"CP/M compatible" vs. "MS-DOS Compatible" machines?

Holger Veit holger.veit at iais.fraunhofer.de
Thu Feb 7 02:44:44 CST 2008


Chuck Guzis schrieb:
>> Date: Tue, 05 Feb 2008 20:25:07 -0500
>> From: Allison 
>>     
>
>   
>> Maufacturing no. Design yes. back then there was little if any automated
>> chip design so anything to save time or transistors on the die was good.
>> The redundant moves are simple example of not decoding all possible
>> states. Saves transistors at a time when getting things on that much
>> silicon was still hard.
>>     
>
> My point was "documentation" of these instructions as such was 
> unnecessary.  Had the documentation simply said "---", they wouldn't 
> have been used, freeing the codes for later exploitation.  But once 
> documented as valid moves, there's no going back.  
>
> 00H was the only *documented* no-op as such.
It does not help not to document those instrs in the hope that they can 
later be reused when more transistors become available. Those 
"undocumented instructions" *were* used  in  any software product where 
the  programmers  became aware of ., and be it only for the reason to 
make it harder to understand the code by competitors (thus have 
disassemblers stumble on them).
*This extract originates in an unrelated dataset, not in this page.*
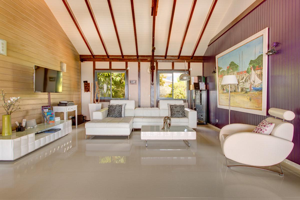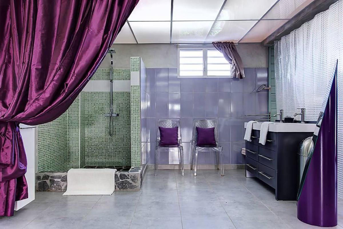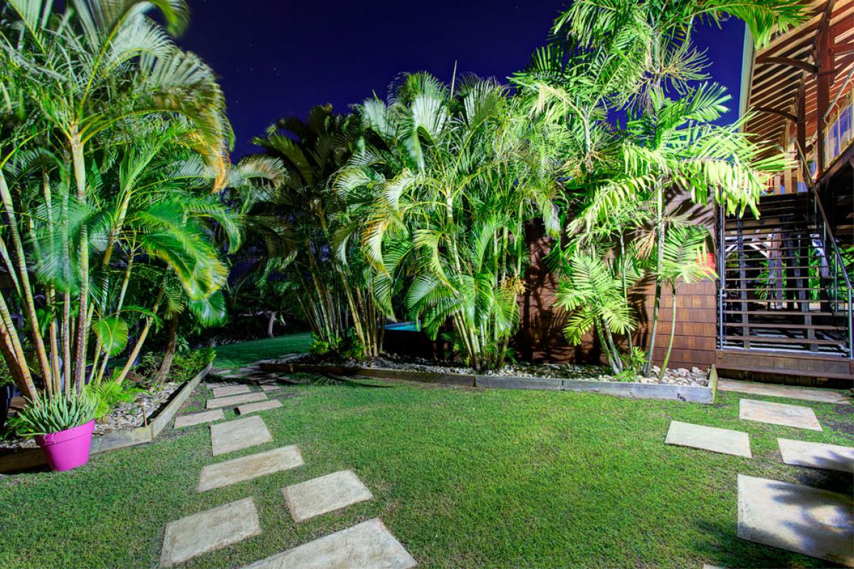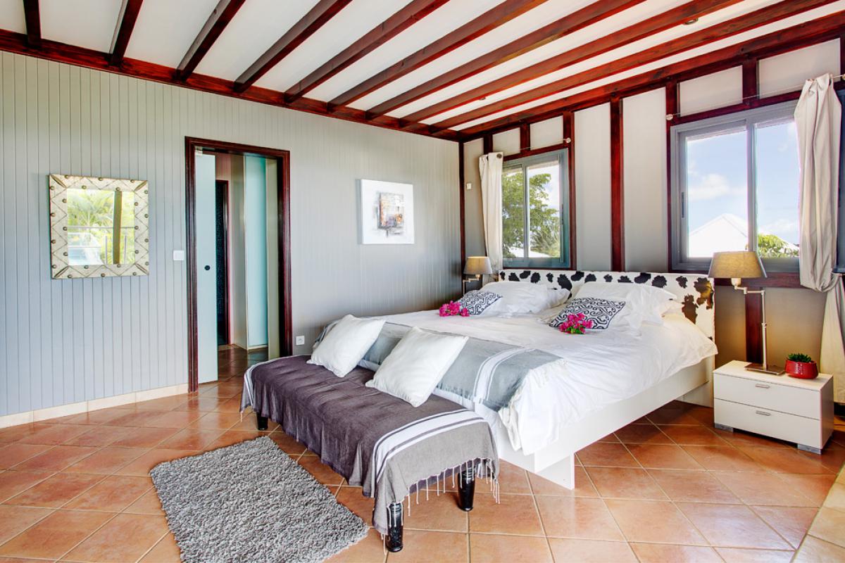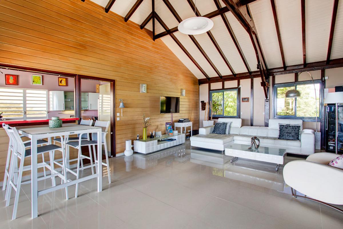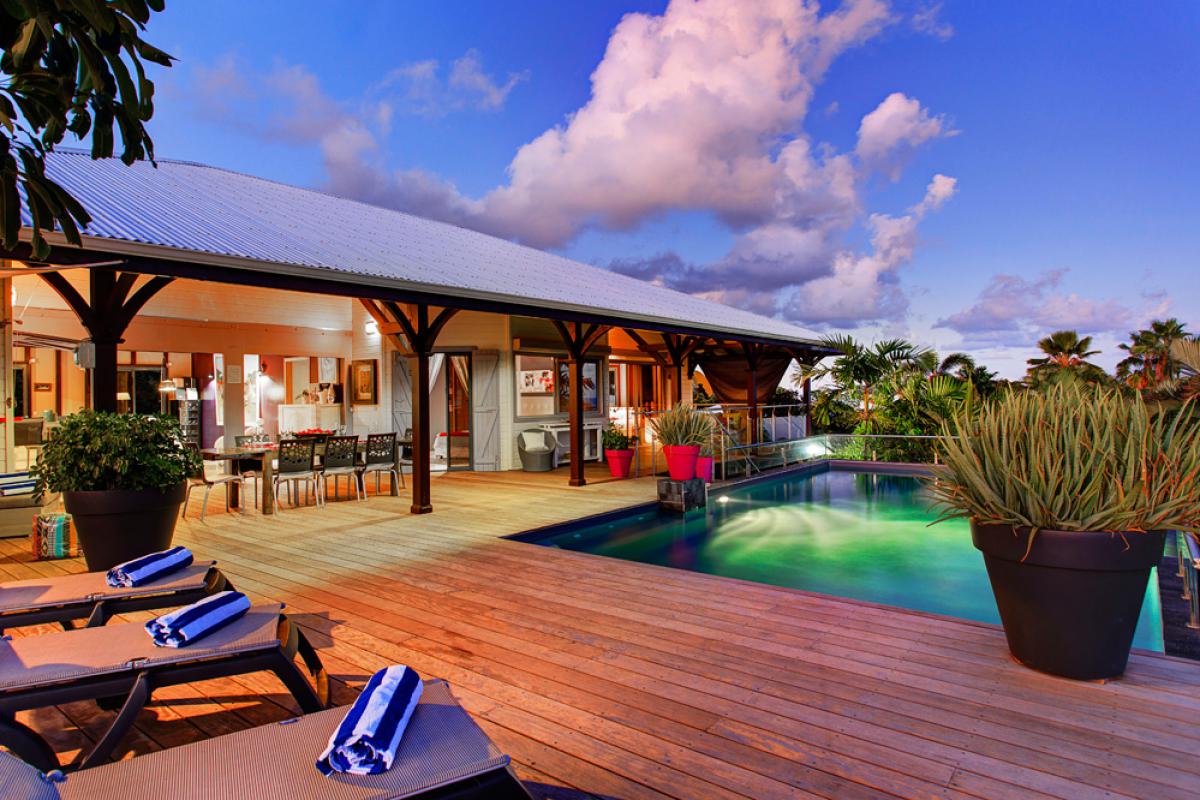 Construite sur un morne en bord de mer, au milieu d’un jardin tropical de 2000m2, la villa est située dans le quartier résidentiel du Helleux, sur la commune de Sainte Anne.

Typical example were the Z80 "mov 
xx,reg" instructions where xx is IXL,IXH,IYL,IYH which are side effects 
of adding a DD/FD prefix to "mov L,reg" or "mov H,reg" which were, from 
my own disassembly activities frequently used in Z80 CP/M code. 
Admittedly, the inplace moves like "mov B,B" are often only useful for 
alternative NOPs, but I remember having seen also creative uses of such 
codes as part of some data structure which happened to have a suitable 
pattern to execute as some code - again to obscure the program logic to 
interested hackers. Typical was also to use a three byte instr like "lda 
xxyy" where xx,yy formed another instruction like a short jump which is 
executed on PC+1, but skipped on PC+0 (location of lda).

Almost every 8 bit CPU of that time had one or more "undocumented 
opcodes" resulting from don't cares in the instruction decoding logic.